Materials and methods
The BAVM group consisted of subjects undergoing neurosurgical treatment or follow-up for BAVMs (n=78) at the Department of Neurosurgery of the A Gemelli University Hospital of Rome, Italy. In all cases, the diagnosis of BAVM was based on the results of brain MRI and digital subtraction angiography. The control group consisted of individuals consecutively admitted to the same Department of Neurosurgery, from January to December 2011, because of a traumatic brain injury. To be included as controls, subjects needed a contrast enhanced brain CT scan negative for any type of vascular lesion. In addition, a negative history of stroke and other cardiovascular diseases was required. This was assessed through collection of a complete medical history, analysis of medical records and physical examination. At the end of the recruitment period, 103 individuals fulfilled these inclusion criteria and were enrolled as controls. Informed consent was signed by all participating individuals. The study was approved by the ethics committee of our university hospital. All patients and controls were Italians from the administrative region of Lazio.
Venous blood (2 ml) was collected and stored at −80°C before use. Genomic DNA was isolated from whole blood using a commercially available DNA extraction kit (Illustra Blood GenomicPrep Mini Spin Kit, GE Healthcare). Polymorphism spanning fragments were amplified by a PCR–restriction fragment length polymorphism assay. PCR reaction was carried out in a total volume of 25 ml using 5 ml of template DNA, 1 × PCR buffer (10 mM Tris-HCl pH 8.5, 50 mM KCl), 1.5 mM MgCl2, 0.0625 mM of each deoxynucleotide triphosphate (dATP, dTTP, dGTP, dCTP), 0.5 mM of each primers (FW: TCT GGA AGC ACT GGG AAG GAT G and REV: TTG ATT TGG GAG CCA CTG TTG) and 1.6 U of Taq DNA polymerase (Roche). Thermal cycling was performed in a PE Applied Biosystems 9700 Sequence Detector with the following programme: 4 min at 95°C, 40 cycle of 1 min at 94°C, 1 min a 56°C and 1 min at 72°C, with a final extension step at 72°C for 7 min. Genotyping of the rs1333040C>T polymorphism was identified using restriction endonuclease BsmI (Biolabs). The amplified DNA (5 ml), 10 U of BsmI and 1 ml of 10× recommended restriction buffer in a final volume of 10 ml were incubated at 65°C for 1 h. Digested products were separated on 2% agarose gel by electrophoresis.

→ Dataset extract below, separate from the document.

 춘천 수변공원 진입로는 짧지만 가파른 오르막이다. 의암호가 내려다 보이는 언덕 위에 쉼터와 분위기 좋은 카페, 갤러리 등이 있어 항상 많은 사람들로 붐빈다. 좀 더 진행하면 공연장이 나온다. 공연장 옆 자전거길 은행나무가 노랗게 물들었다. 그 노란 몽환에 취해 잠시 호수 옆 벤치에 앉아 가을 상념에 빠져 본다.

Statistical analysis was performed with SPSS Statistical Package V.12.0 (Chicago, Illinois, USA). The association between rs1333040 genotypes and BAVMs was assessed using dominant, recessive and additive (trend) genetic models. Hardy–Weinberg equilibrium and categorical variables were compared using Pearson's χ2 test. A value of p<0.05 was considered statistically significant.
Demographic characteristics of the studied population are shown in table 1. Mean age in the BAVM group was 37.71±19.2 years (range 5–76 years) while in the control group mean age was 50.22±20.61 years (range 18–96 years). There was no significant difference in age between patients and controls (p=0.11). The cohort of BAVM individuals included 46 men (58.9%) while the number of men in the control group was 72 (69.9%). The male/female ratio was not statistically different between the two groups (p=0.12).

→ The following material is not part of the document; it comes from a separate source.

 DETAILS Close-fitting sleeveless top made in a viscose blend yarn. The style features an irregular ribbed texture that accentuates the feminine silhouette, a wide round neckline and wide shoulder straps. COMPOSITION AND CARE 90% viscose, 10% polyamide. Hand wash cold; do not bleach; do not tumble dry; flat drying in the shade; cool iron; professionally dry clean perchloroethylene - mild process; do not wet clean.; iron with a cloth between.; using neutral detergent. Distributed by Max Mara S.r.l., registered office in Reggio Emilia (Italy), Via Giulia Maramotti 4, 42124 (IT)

Genotype distribution is shown in table 2. Genotypes were in Hardy–Weinberg equilibrium. The distribution of the three possible genotypes of rs1333040 (TT, TC and CC) was statistically different between cases and controls (p=0.02). The TT genotype was significantly associated with BAVMs both in the dominant (p=0.009) and recessive (p=0.006) models (table 2). The T allele was significantly associated with BAVMs in the additive (trend) model (p=0.01) (table 2).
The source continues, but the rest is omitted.